Assumptions Made:   The tool’s calculations result from a computer simulation model, not a clinical trial. The decision tool uses data from clinical studies of BRCA mutation carriers on cancer incidence and the efficacy of screening, preventive surgeries, and treatment, and data from the general United States population on survival according to breast cancer stage, hormone receptor expression, and grade. Long-term validation of the tool’s model-based estimates is warranted. Articles describing methods are available on the publications page. Medical terms (in red font) are defined by clicking on each term, and in the glossary.

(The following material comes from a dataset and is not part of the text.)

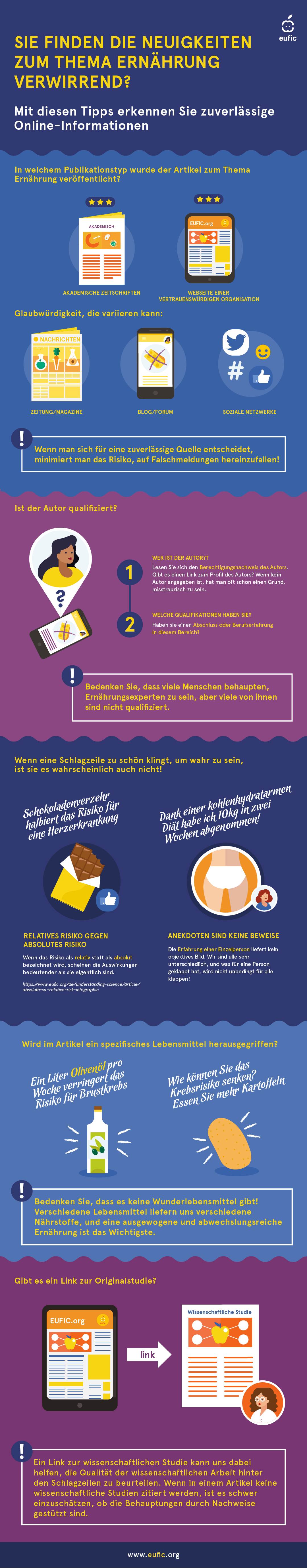 Zuletzt aktualisiert : 12 December 2018Mittlerweile haben wir alle von Falschmeldungen gehört. Wenn es um Neuigkeiten zum Thema Ernährung und Gesundheitsinformationen geht, auf welche Quellen können wir uns wirklich verlassen? Manchmal verweisen einige Artikel auf wissenschaftliche Studien, aber eigentlich entstellen sie die Wissenschaft. Solche Artikel beziehen sich beispielsweise auf das “relative Risiko”, was die Auswirkungen unverhältsmäßiger erscheinen lässt, als sie tatsächlich sind. Die untenstehende Infografik liefert Ihnen mehr Tipps zum Erkennen zuverlässiger Informationen, wenn Sie im Internet oder sonstigen Medienkanälen surfen.

Please click on the above link to find out more and to use the decision tool.

No pain, No Gain

Dag-blamitt! :-)  I’m still having significant pain issues.  Why does it take so long to heal?   I’m ready to start implementing changes and getting into a good fitness routine.  That’s hard to do when your body doesn’t yet want to cooperate.  Some things I can start implementing.  Now that I found my wallet, it’s time to revisit Trader Joe’s and get transitioned to a more macrobiotic/raw foods based diet.  I feel I’m just going to have to work through the pain, grin and bear it so to speak, as that may be the only way to heal.  I have to move the upper part of my body.  I think if I’d chosen a full mastectomy vs. skin-sparing, I wouldn’t have such pain issues.  I think the majority of the pain comes from the remaining skin bunching and adhering to the chest wall, basically scar tissue type pain.   Hopefully, I’ll get into the Star Program at Seton Hospital that my oncologist’s office has referred me to and start physical therapy to get me into better shape to start a good fitness program.